• _Exercise details_
Write out the data word for word, taking care that no picture is carried over.

• _Dataset section_
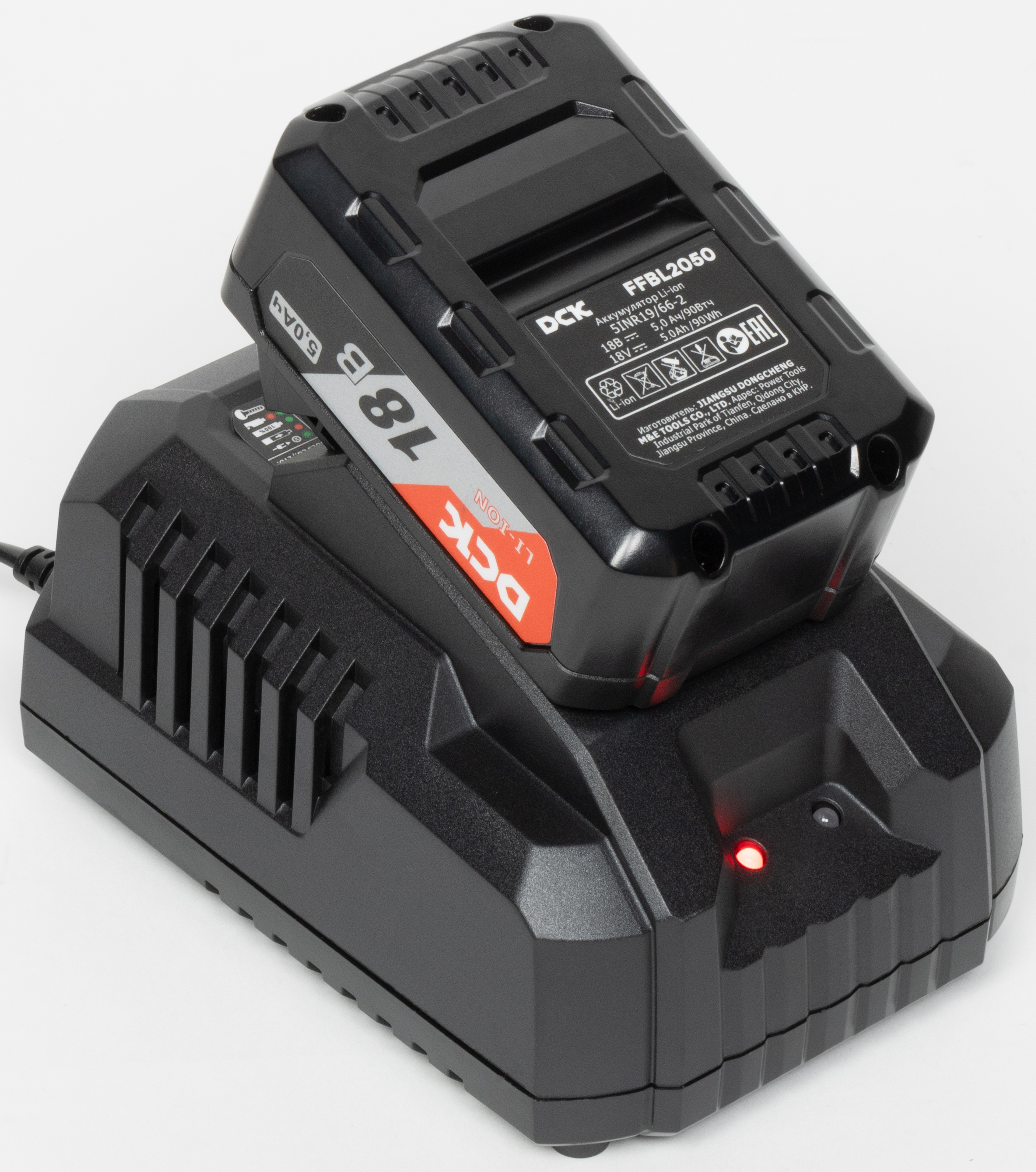 Наш инструмент снабжается двумя 18-вольтовыми аккумуляторами емкостью 5 А·ч и одним зарядным устройством. Зарядка батареи длится около 90 минут.
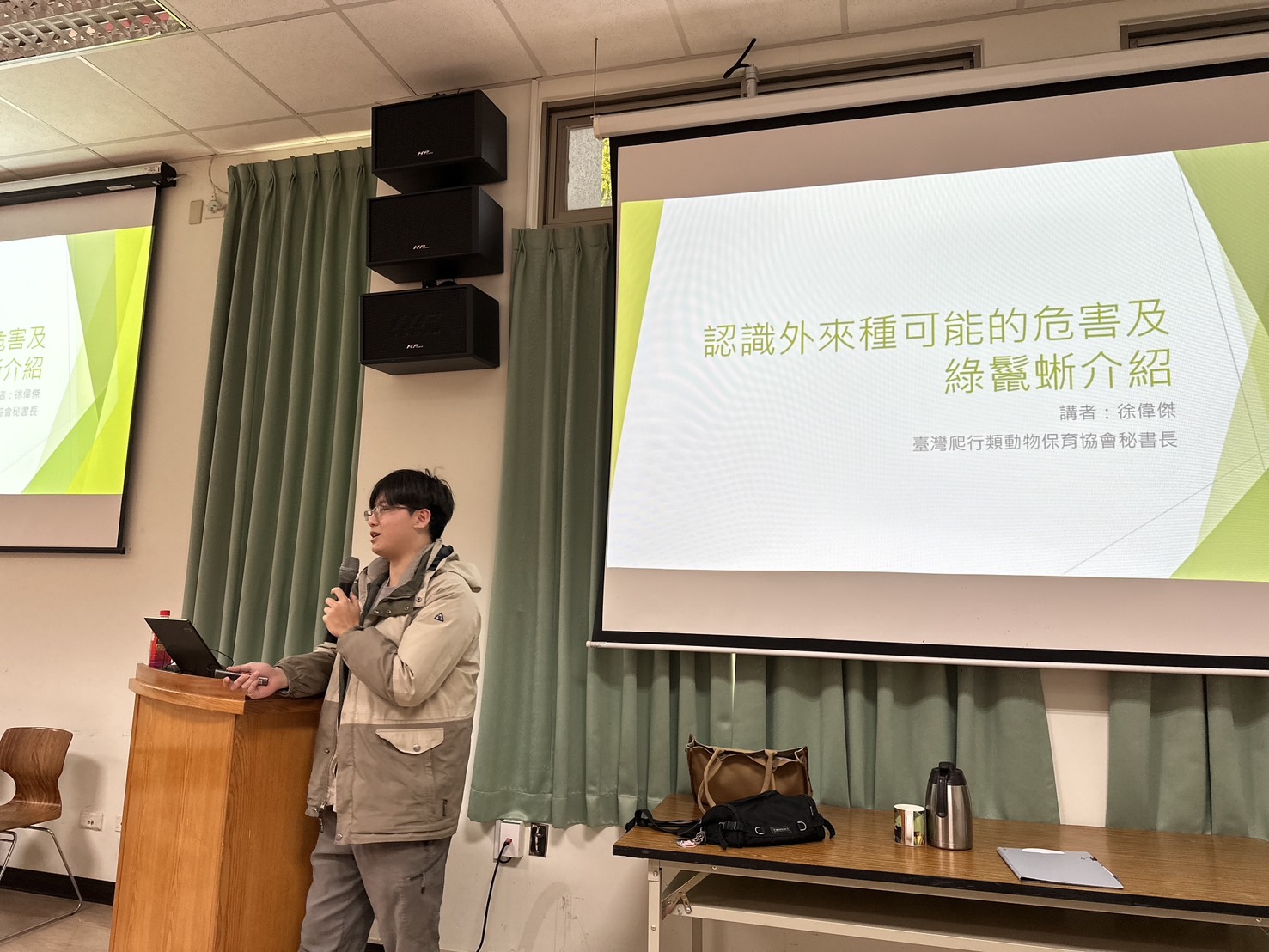 這次教育訓練特別邀請臺灣爬行類動物保育協會徐偉傑秘書長,除了講解外來入侵種危害、綠鬣蜥的棲息環境與生態習性,也介紹如何透過觀察農作物危害、綠鬣蜥移動痕跡以及繁殖洞穴,掌握綠鬣蜥出沒的蛛絲馬跡。期望讓同仁可以先行熟悉綠鬣蜥習性、配合活動與繁殖特性,以利後續移除作業順利進行。
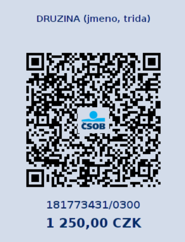 Úhrada vždy za celé pololetí, tedy 1250 Kč. Na první pololetí do 30.9.2025 a na druhé pololetí do 15.2.2026

• _Solution for this exercise_
 Наш инструмент снабжается двумя 18-вольтовыми аккумуляторами емкостью 5 А·ч и одним зарядным устройством. Зарядка батареи длится около 90 минут.
 這次教育訓練特別邀請臺灣爬行類動物保育協會徐偉傑秘書長,除了講解外來入侵種危害、綠鬣蜥的棲息環境與生態習性,也介紹如何透過觀察農作物危害、綠鬣蜥移動痕跡以及繁殖洞穴,掌握綠鬣蜥出沒的蛛絲馬跡。期望讓同仁可以先行熟悉綠鬣蜥習性、配合活動與繁殖特性,以利後續移除作業順利進行。
 Úhrada vždy za celé pololetí, tedy 1250 Kč. Na první pololetí do 30.9.2025 a na druhé pololetí do 15.2.2026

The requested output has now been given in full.